One signal you can judge on the spot:

> **In a pure table-driven design, every row is inert data (int, enum, string), and the engine is the only live code.**

Once a data row starts carrying a `Func<>` / `delegate` / `BuildPayload` — something that "packs code into data" — you're forcing it, which means the steps aren't really that homogeneous. This project's old engine's `step.BuildPayload(station, _paramGetter)` had exactly this smell: it had already admitted "parameters alone can't describe this step," so it smuggled code back into the table. At that point, switch-case is usually more honest.
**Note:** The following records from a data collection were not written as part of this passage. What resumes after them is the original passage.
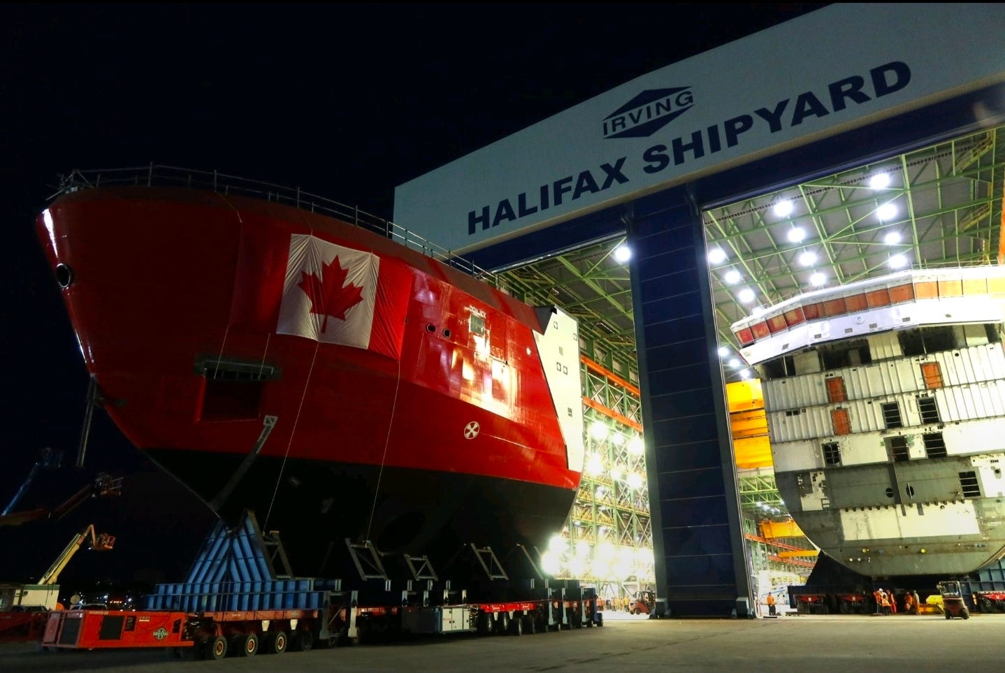 “This week, the grand block and bow mega block of the future CCGS Donjek are rolling out of the Module Hall at Halifax Shipyard. This exciting milestone marks significant progress on the first Arctic and Offshore Patrol Ship built for the Canadian Coast Guard.”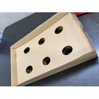 保冷ケースに花束をセットする為の段ボールの中敷き、畜冷材が花材に直接触れない為の対策を講じた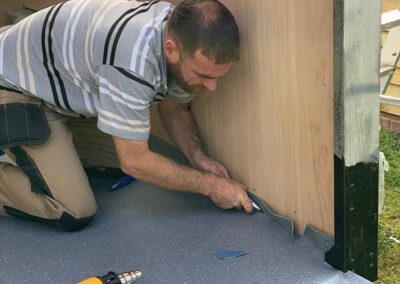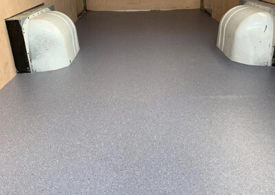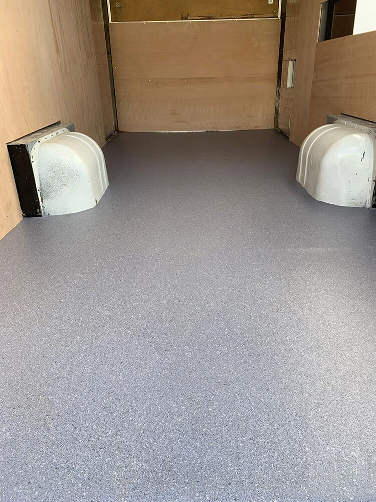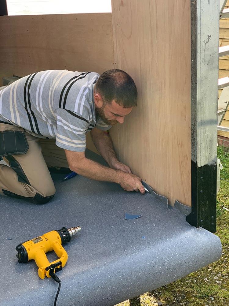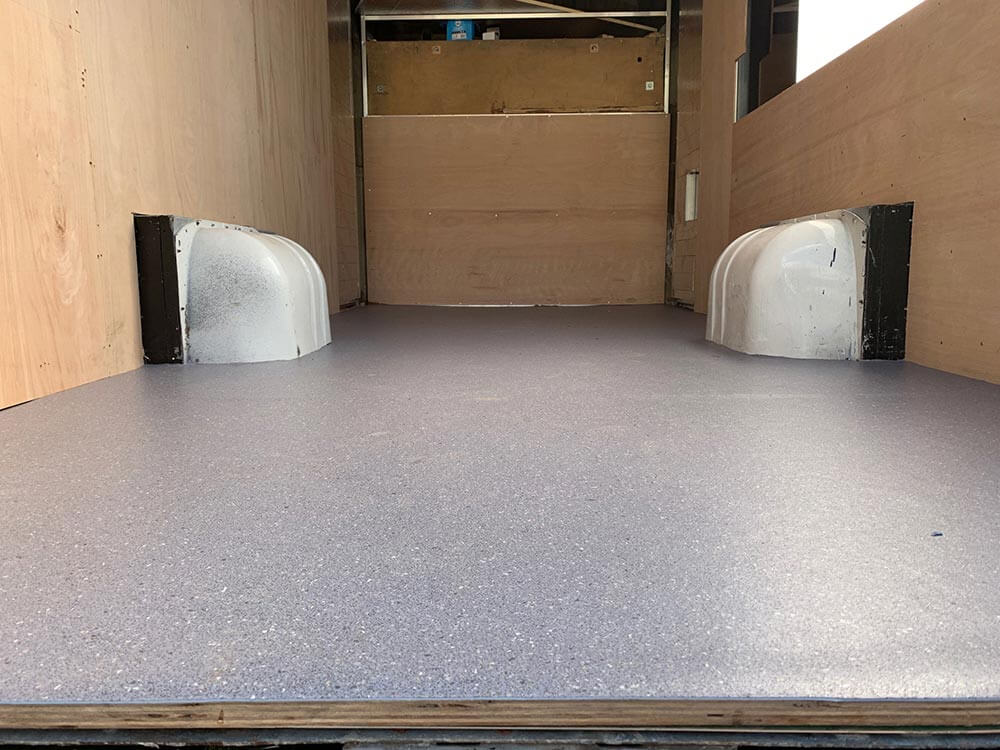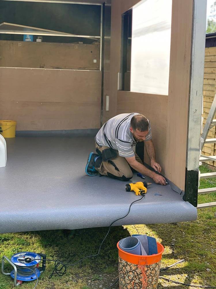 Vinyl Floor Catering Van We supplied and fitted a hard wearing vinyl floor. JM Carpets supplied and fitted this vinyl floor catering van horse box conversion. A vinyl floor satisfies the requirements for food handling set out by the East Devons Environmental Health Officer.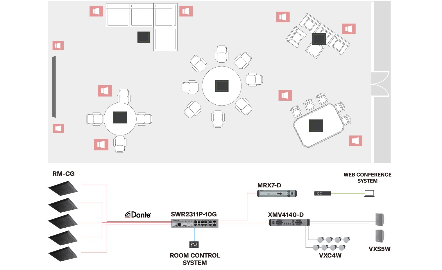 If you want to use a large room in a variable way, a customised solution is the best choice, combining 5 RM-CG ceiling microphones with a MRX7-D matrix processor and a XMV-4140D amplifier to a very variable solution.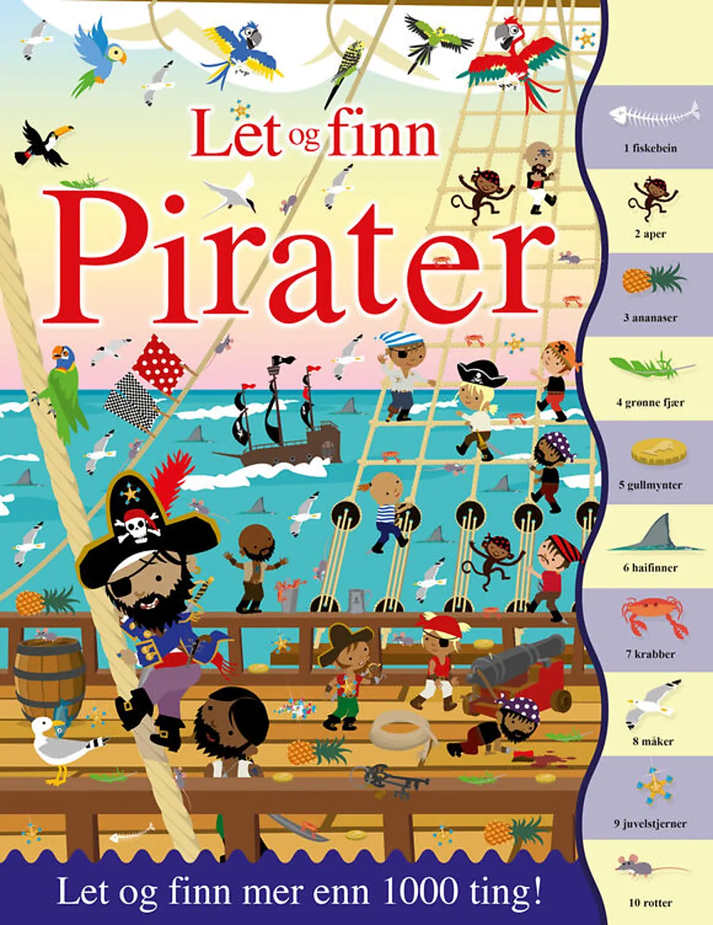 Velkommen til å lete og finne mer enn 1000 ting i piratenes verden! I denne spennende boken kan du utforske bildene fra sjørøverskuta med mer enn 1000 ting å lete etter. Fra utkikkstønna og kanonrommet til kapteinens lugar og skattekammer.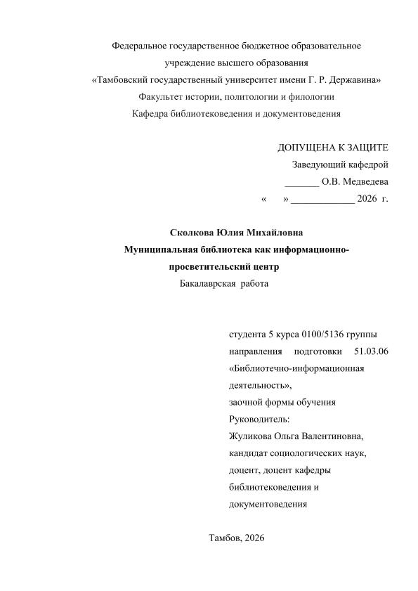СКОЛКОВА, ЮЛИЯ МИХАЙЛОВНА. МУНИЦИПАЛЬНАЯ БИБЛИОТЕКА КАК ИНФОРМАЦИОННО- ПРОСВЕТИТЕЛЬСКИЙ ЦЕНТР [Электронный ресурс]: бакалаврская работа: 51.03.06 Библиотечно-информационная деятельность: Заочная форма обучения / Ю. М. СКОЛКОВА; ТГУ им. Г. Р. Державина ; науч. рук. к. социол. н., доцент, О. В. Жуликова. — Электрон. текстовые дан. (1 файл). — Тамбов, 2026. — Загл. с титул. экрана. — <URL:https://elibrary.tsutmb.ru/dl/docs/vkr18847.pdf>.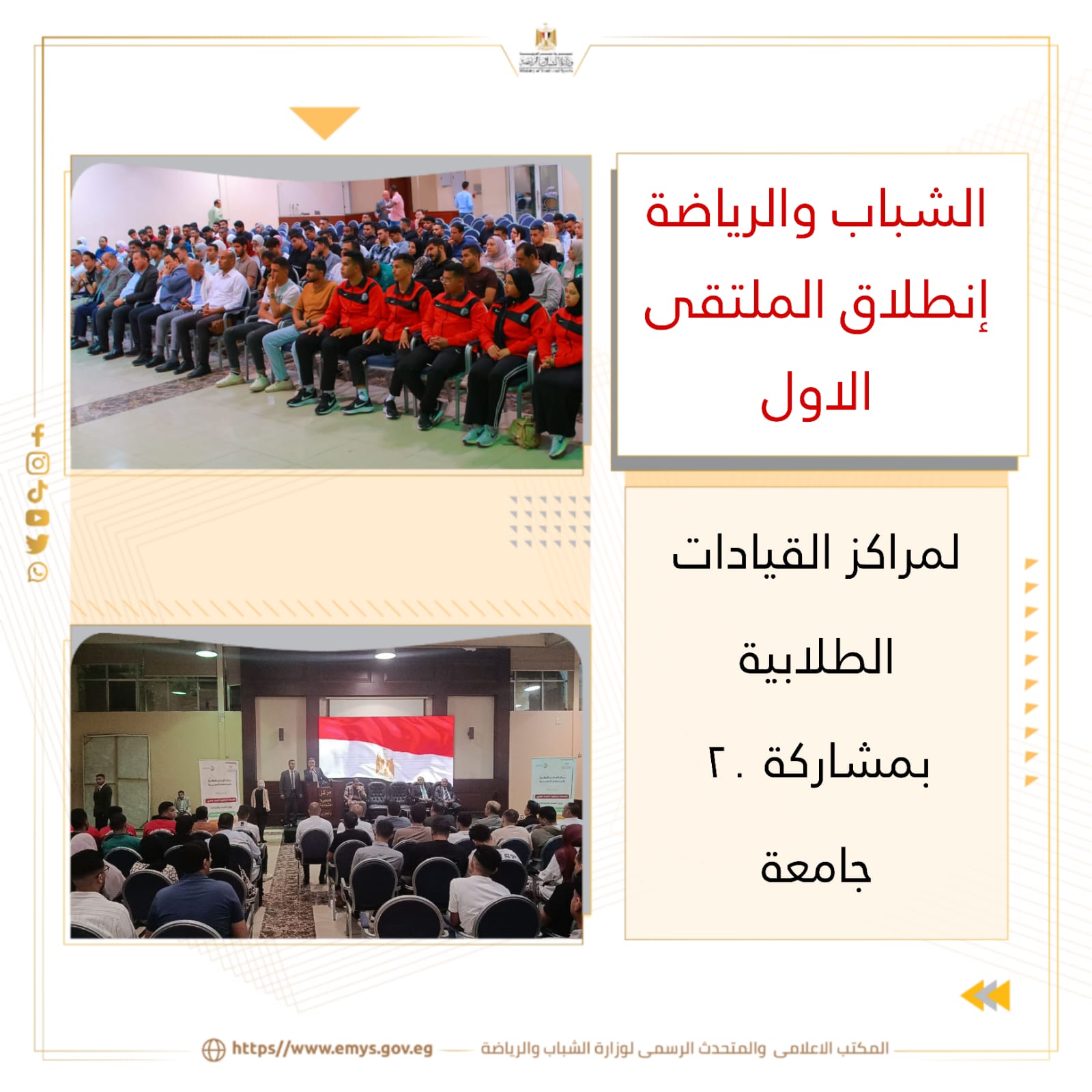 أطلقت وزارة الشباب والرياضة برئاسة الدكتور أشرف صبحي وزير الشباب والرياضة من خلال الإدارة المركزية لتنمية الشباب ـ الإدارة العامة للبرامج والأنشطة الجامعية الملتقى الأول لمراكز القيادات الطلابية بمشاركة ٢٠ جامعة حكومية وخاصة وأهلية وذلك بمركز التنمية الشبابية بالجزيرة والذي تستمر فعالياته حتي ٨ مايو الجاري.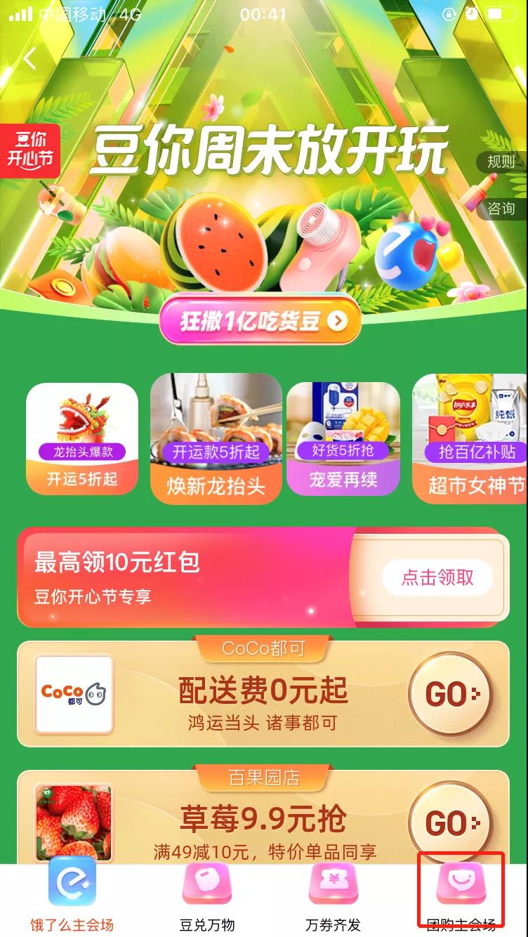 在团购主会场(口碑专场)中点击饿了么外卖会场,直接弹活到活动首页,没懂这个设置的意图,另外团购主会场出现与吃货豆有关系活动,纯粹提供了口碑的展示页,为口碑商家赋能。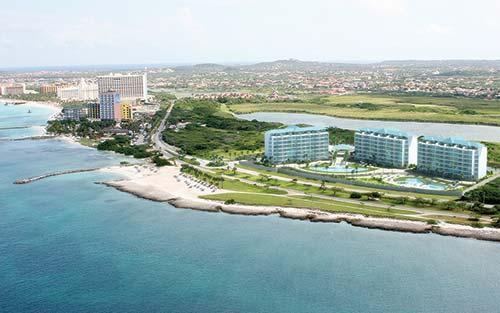 Blue Residences is a well-appointed beachfront residential complex with two-, three-, and five-bedroom ocean-view suites. Amenities include a wellness center and day spa, two infinity pools, and a snack and pool bar that also services the beach area. The resort's Eagle Beach location is within walking distance to fine and casual dining establishments and casinos. Some of the island's major hotels and the Robert Trent Jones II championship golf course are just a short drive away.
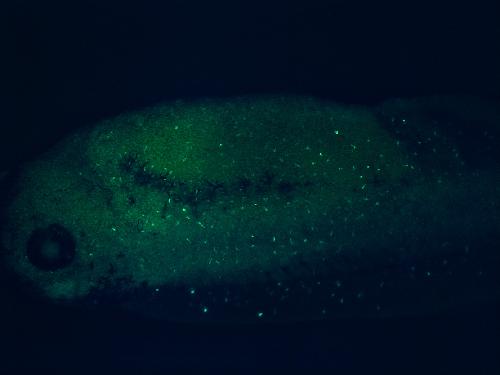 GFP expression in Xla.Tg(slurp1l:GFP)Mohun tadpole.

The reverse also holds: if a switch has one `case` after another copy-pasting nearly identical submit/poll with only the parameters changing — that's forcing switch-case, and you should consider extracting it into a table.

---

## 7. Applied to this project

- **ENR_DUC (legacy machine)**: the `case` bodies directly `SetDO` / read `DI` / do various inline conditions — **highly heterogeneous, many branches** → switch-case is right; forcing it into a table would require a flag per special case, getting murkier the more you describe.
- **Tray-flip machine ActionTech**: the steps are **homogeneous** (all "submit a PLC atomic task + poll"), so a table would fit well in theory; but this machine ranks "on-site debugging case by case, even without AI" above "avoiding duplication," so it chose switch-case. The cost is drift between the parameter schema table and the `case` bodies (double-write) — a trade-off made with eyes open.

**In one sentence**: homogeneous + needs configurability / tooling → table; heterogeneous + needs on-site traceability → switch-case. When a data row starts growing a lambda, that's the signal to switch back to switch-case.